Parakeet ASR
Type: Model Tags: NVIDIA, ASR, Speech Recognition, NeMo, CTC, RNN-T, Audio AI Related: NVIDIA-NeMo, NVIDIA-Riva, NVIDIA-Speech-NIM-Microservices, NVIDIA-ASR-NIM, NVIDIA-Canary, TensorRT, NVIDIA-NIM Sources: NVIDIA official documentation, https://docs.nvidia.com/nim/speech/latest/asr/index.html Last Updated: 2026-04-29
Summary
Parakeet is NVIDIA’s family of state-of-the-art automatic speech recognition (ASR) models developed in collaboration with Apple, built on the NeMo framework. The Parakeet models achieve top-tier word error rates (WER) on standard English ASR benchmarks and are optimized for real-time and batch transcription workloads. They use CTC and RNN-T decoding architectures built on the FastConformer encoder, and are available as open-weight models on Hugging Face.
Detail
Purpose
High-accuracy, low-latency automatic speech recognition is a critical building block for voice assistants, meeting transcription, call center analytics, medical dictation, and accessibility tools. Parakeet addresses the need for a production-quality open-weight English ASR model that outperforms prior state-of-the-art systems while remaining efficient enough for real-time deployment.
Key Features
- FastConformer-based encoder: efficient hybrid CNN-Transformer architecture for long-context audio
- Multiple decoding modes: CTC (Parakeet-CTC), RNN-T (Parakeet-RNNT), and TDT (Token-and-Duration Transducer)

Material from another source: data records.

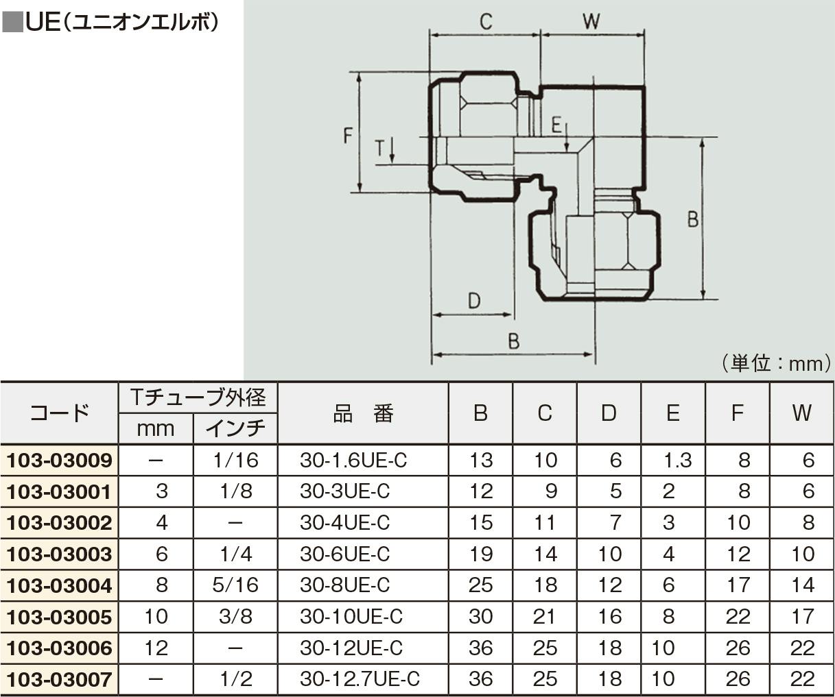 チューブフィッティング 30-8UE-C 103-03004【別送品】
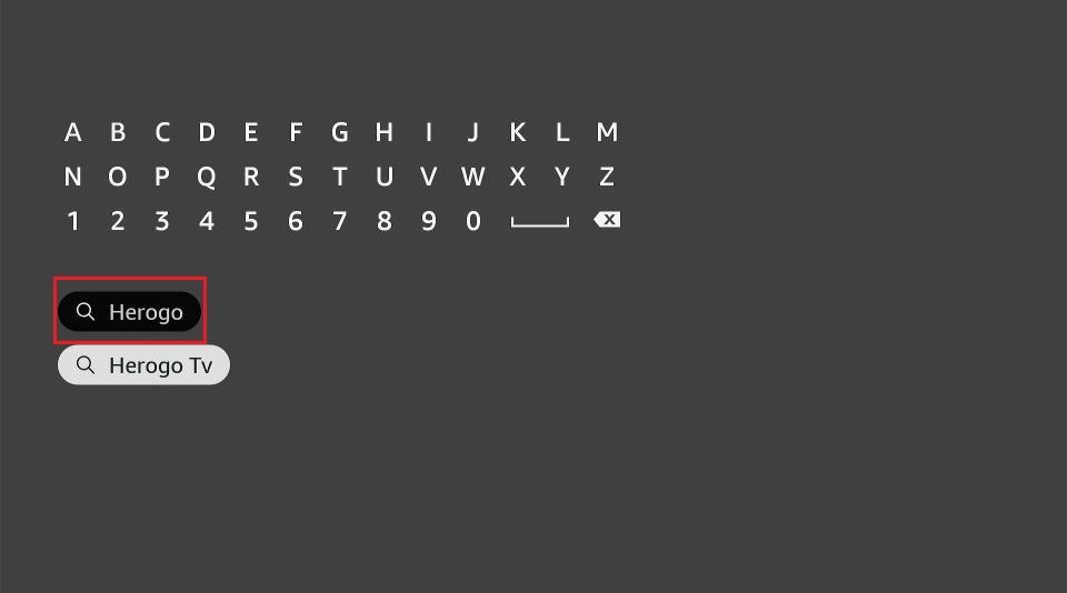 3. On the search screen, use the on-screen keyboard and type Herogo. Then, scroll down and select it from the list of searches.
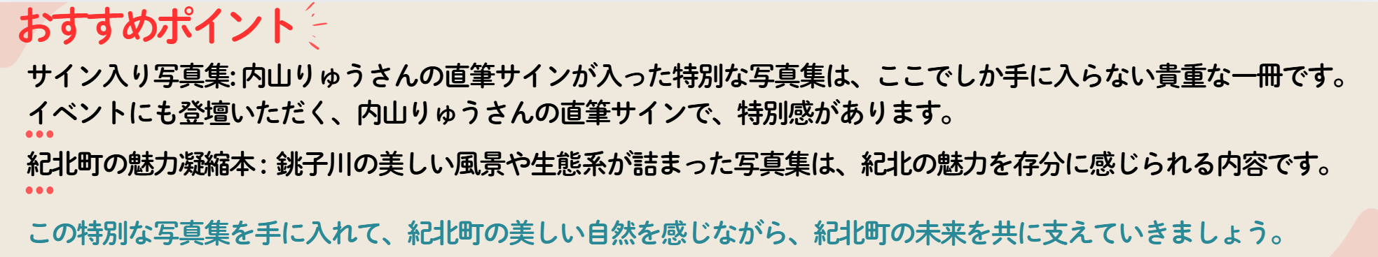 今回のプロジェクトが成功すれば、紀北町の町制20周年を記念し、NHKスペシャルでも紹介された奇跡の清流「銚子川」の神秘的な美しさを捉えたネイチャーフォトグラファー・内山りゅうさんの写真展を中心に、世界遺産の熊野古道、尾鷲ヒノキ、豊かな水産資源など、紀北町の宝を首都圏の皆様に直接体感していただける特別なイベントを開催します。

- Model sizes: 0.6B (Parakeet-CTC-0.6B), 1.1B (Parakeet-TDT-1.1B), and Parakeet-RNNT-1.1B
- Word-level timestamps: accurate start/end times for each recognized word
- Best-in-class WER on LibriSpeech, MLS, VoxPopuli, Earnings21, and CHIME-6 benchmarks
- Trained on 64,000+ hours of English speech data
- Support for long-form audio transcription (hours-long audio with chunking)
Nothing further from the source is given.